--- START ---

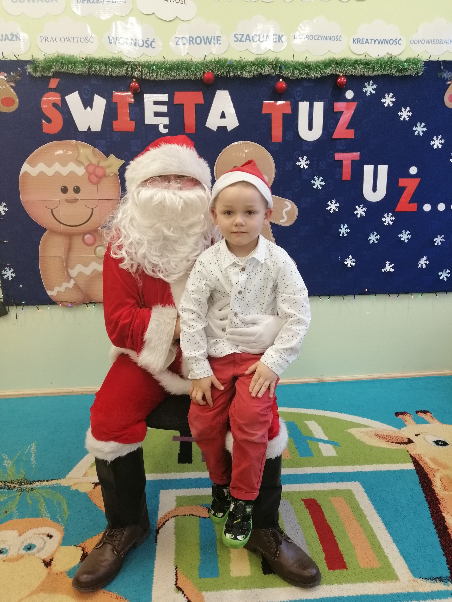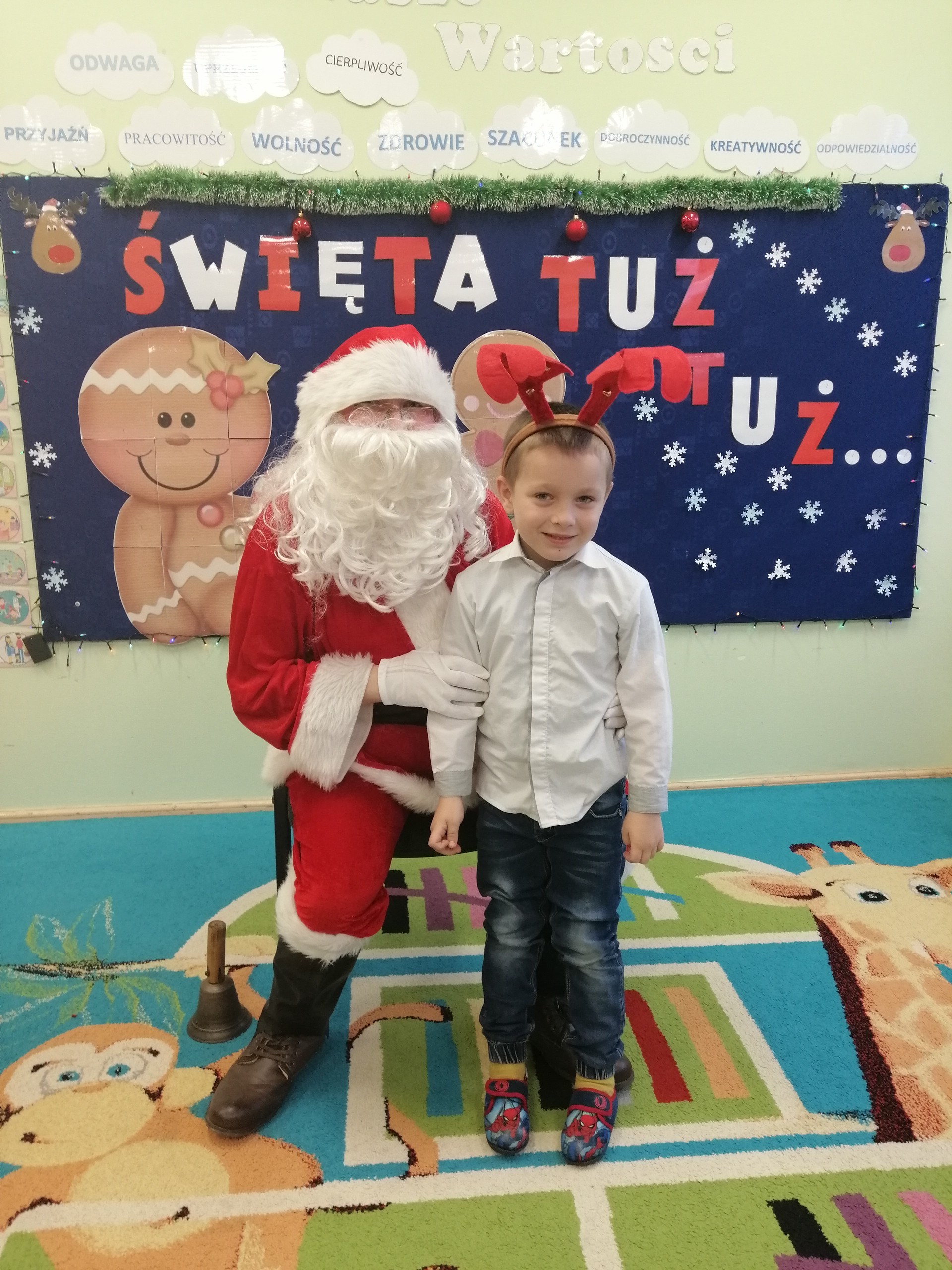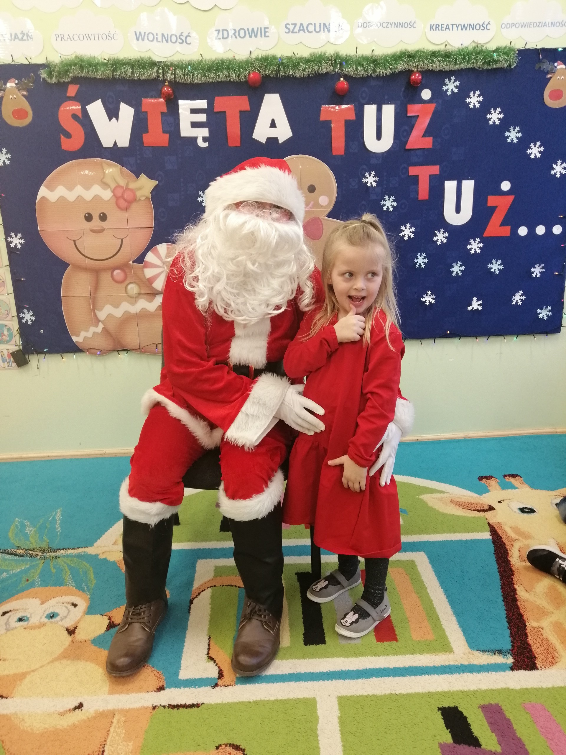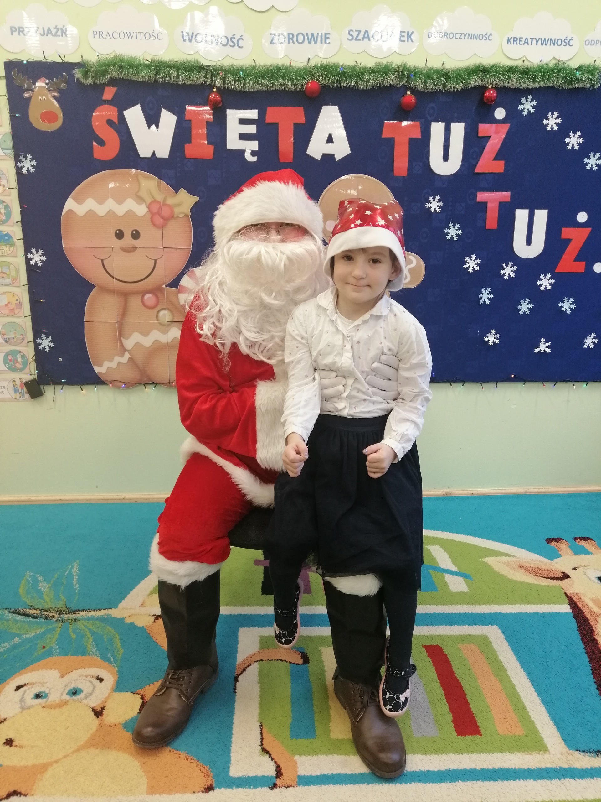 20 grudnia odbyło się w naszym przedszkolu wigilijne spotkanie. Dzieci wspólnie z Paniami kolędowały, składały sobie życzenia i jadły wigilijny posiłek przygotowany przez rodziców. W tym dniu przybył do nas także Mikołaj, który obdarował dzieci wymarzonymi prezentami.
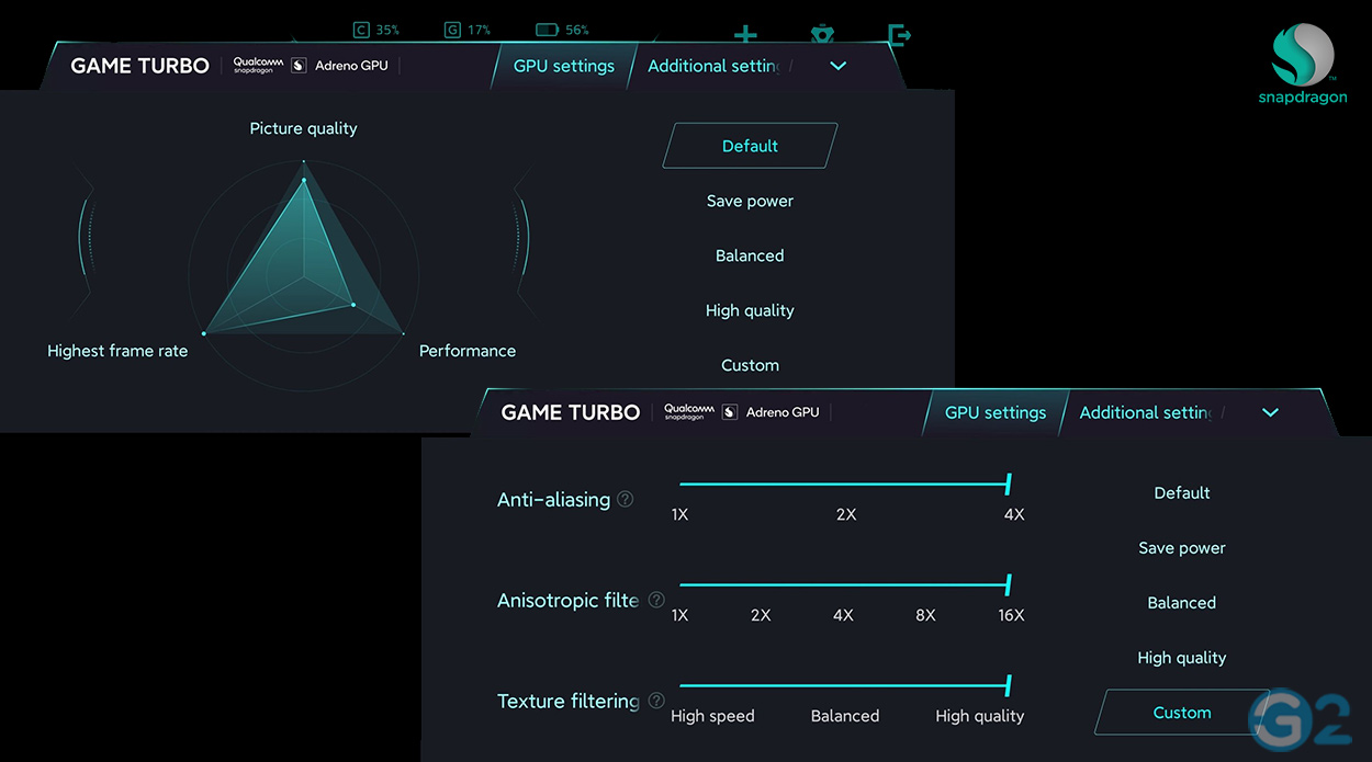 Wie auf den Bildern zusehen, lassen sich hier die Bildqualität, Anti-Aliasing, Anisotropic- und Texture-Filter einstellen. Praktisch die Bild-Eigenschaften wie Tiefenschärfe bei unterschiedlichen Betrachtungswinkeln. Ein weiteres Menü der Anwendung scheint auch das Verhältnis zwischen Bild-Qualität, Performance und Bildwiederholrate zu regulieren. Somit könnte man in der Tat die Taktrate der GPU hochtakten. Von einem solchen Feature haben wir zuletzt in Verbindung mit Nubia Red Magic 5S gehört. Das Gaming-Smartphone welches exakt mit dem RedMagic 5G übereinstimmt, sich aber ebenfalls hochtakten lässt.
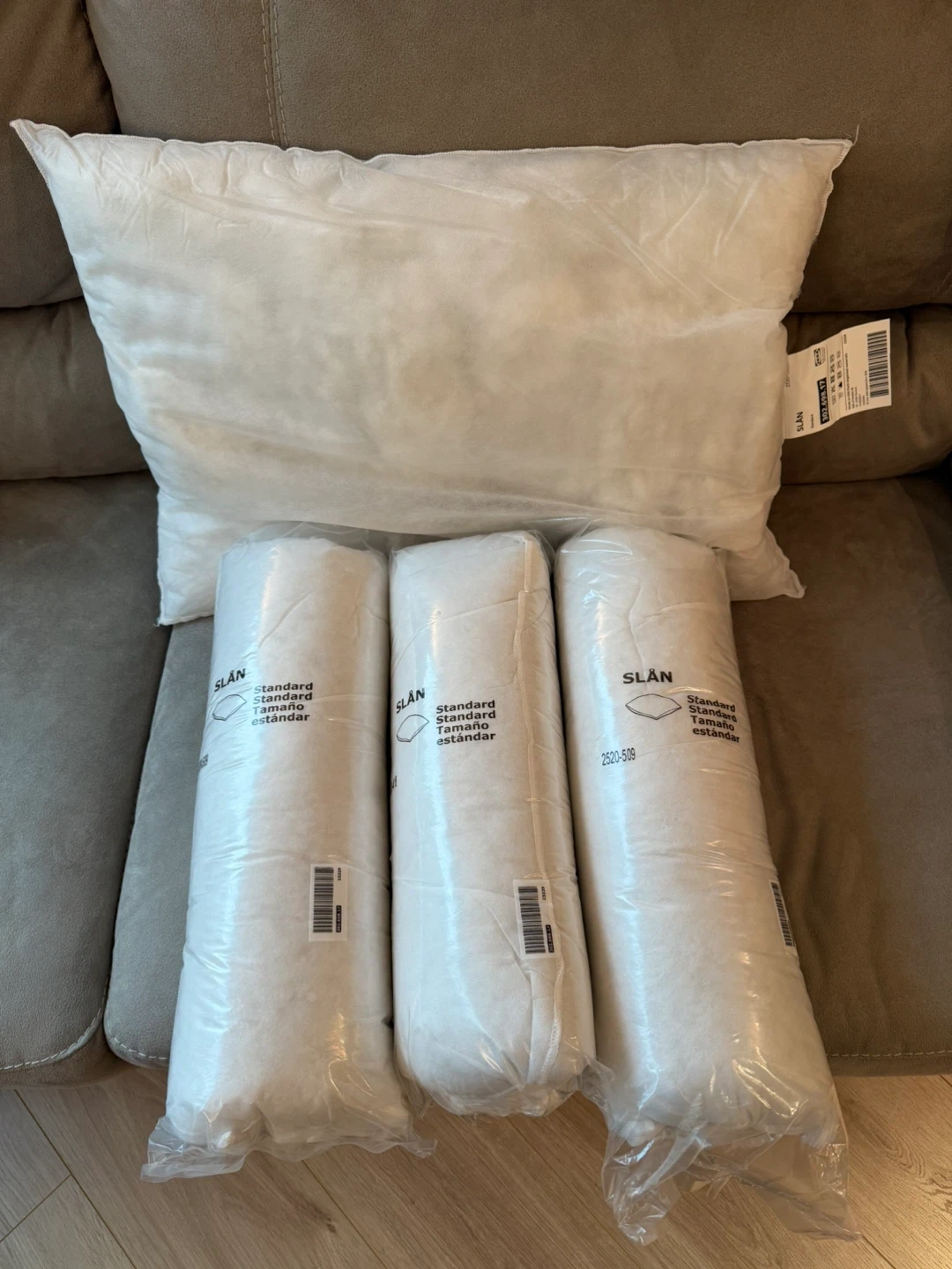 Selling a set of IKEA SLAN standard pillows. Includes three pillows still in their original packaging and one opened but never used.
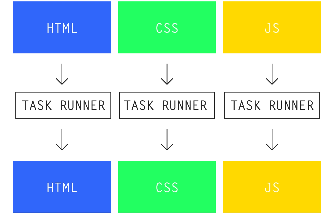 A task runner such as Gulp can handle many different preprocessers and transpilers, but in all cases, it will take a source input and crunch it into a compiled output. However, it does this on a case-by-case basis with no concern for the system at large. That is the burden of the developer: to pick up where the task runner left off and find the proper way for all these moving parts to mesh together in production.
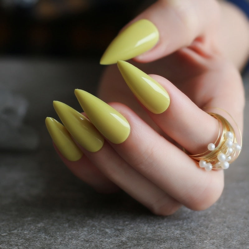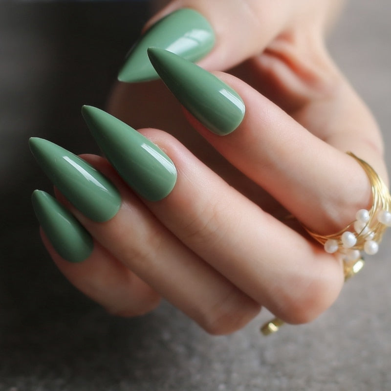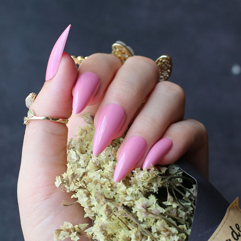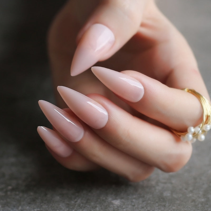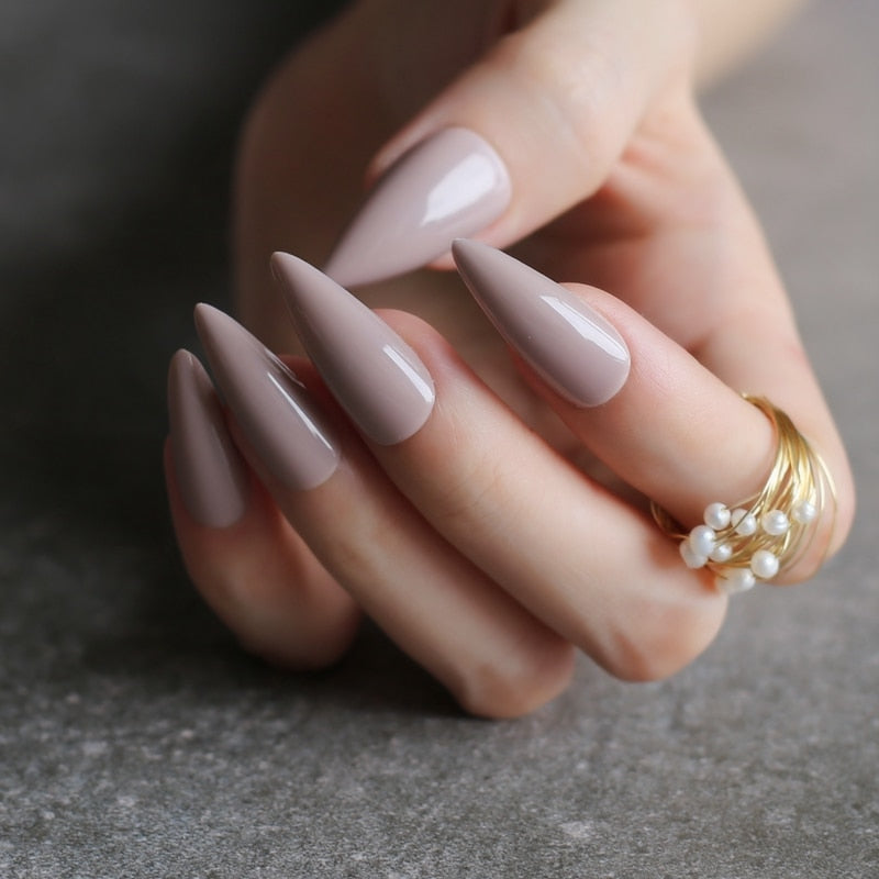 long shiny fake nails brick clour Stiletto glossy false nails Long almond salon art false nails nude Middle length-Nail Inspo
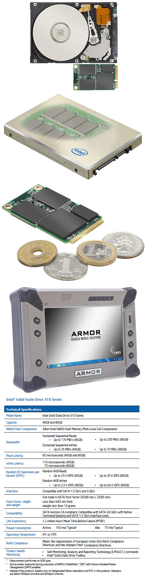With its rugged design, the Intel SSD 310 Series has been chosen by DRS Technologies for a new ARMOR communications tablet PC to be unveiled at Storage Visions in Las Vegas. The ARMOR mobile and field unit tablet PC is certified by DRS to work in extreme temperatures and hold up to shock, vibration and drops, delivering up to nine hours of operating time.
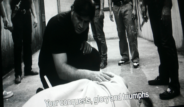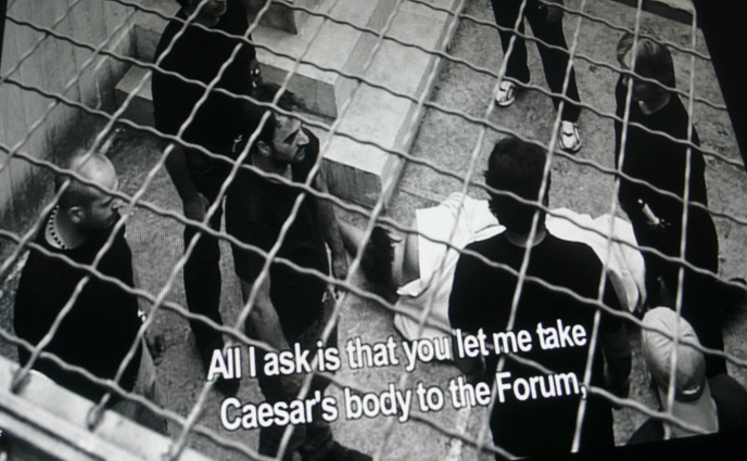 basierend auf einer Theateraufführung dort. Was wir hier nicht hören, sind die verschiednen Dialekte der Sprechenden, aus Neapel, Sizilien, römischer Vorstadt usw. Und immer Shakespeare.
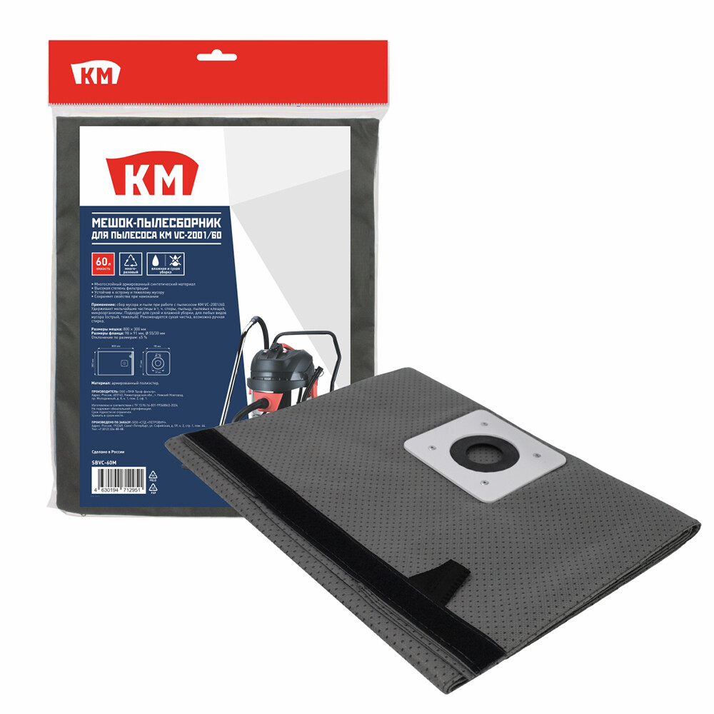 Мешок для пылесоса КМ 60 л к модели VC-2001/60 армированный полиэстер для сухой и влажной уборки (SBVC-60М)

--- END ---

● **Problem details**
Only the pictures are to be excluded; all other parts of the records above are to be given exactly.

● **Solution for this task**
 20 grudnia odbyło się w naszym przedszkolu wigilijne spotkanie. Dzieci wspólnie z Paniami kolędowały, składały sobie życzenia i jadły wigilijny posiłek przygotowany przez rodziców. W tym dniu przybył do nas także Mikołaj, który obdarował dzieci wymarzonymi prezentami.
 Wie auf den Bildern zusehen, lassen sich hier die Bildqualität, Anti-Aliasing, Anisotropic- und Texture-Filter einstellen. Praktisch die Bild-Eigenschaften wie Tiefenschärfe bei unterschiedlichen Betrachtungswinkeln. Ein weiteres Menü der Anwendung scheint auch das Verhältnis zwischen Bild-Qualität, Performance und Bildwiederholrate zu regulieren. Somit könnte man in der Tat die Taktrate der GPU hochtakten. Von einem solchen Feature haben wir zuletzt in Verbindung mit Nubia Red Magic 5S gehört. Das Gaming-Smartphone welches exakt mit dem RedMagic 5G übereinstimmt, sich aber ebenfalls hochtakten lässt.
 Selling a set of IKEA SLAN standard pillows. Includes three pillows still in their original packaging and one opened but never used.
 A task runner such as Gulp can handle many different preprocessers and transpilers, but in all cases, it will take a source input and crunch it into a compiled output. However, it does this on a case-by-case basis with no concern for the system at large. That is the burden of the developer: to pick up where the task runner left off and find the proper way for all these moving parts to mesh together in production.
 long shiny fake nails brick clour Stiletto glossy false nails Long almond salon art false nails nude Middle length-Nail Inspo
With its rugged design, the Intel SSD 310 Series has been chosen by DRS Technologies for a new ARMOR communications tablet PC to be unveiled at Storage Visions in Las Vegas. The ARMOR mobile and field unit tablet PC is certified by DRS to work in extreme temperatures and hold up to shock, vibration and drops, delivering up to nine hours of operating time.
 basierend auf einer Theateraufführung dort. Was wir hier nicht hören, sind die verschiednen Dialekte der Sprechenden, aus Neapel, Sizilien, römischer Vorstadt usw. Und immer Shakespeare.
 Мешок для пылесоса КМ 60 л к модели VC-2001/60 армированный полиэстер для сухой и влажной уборки (SBVC-60М)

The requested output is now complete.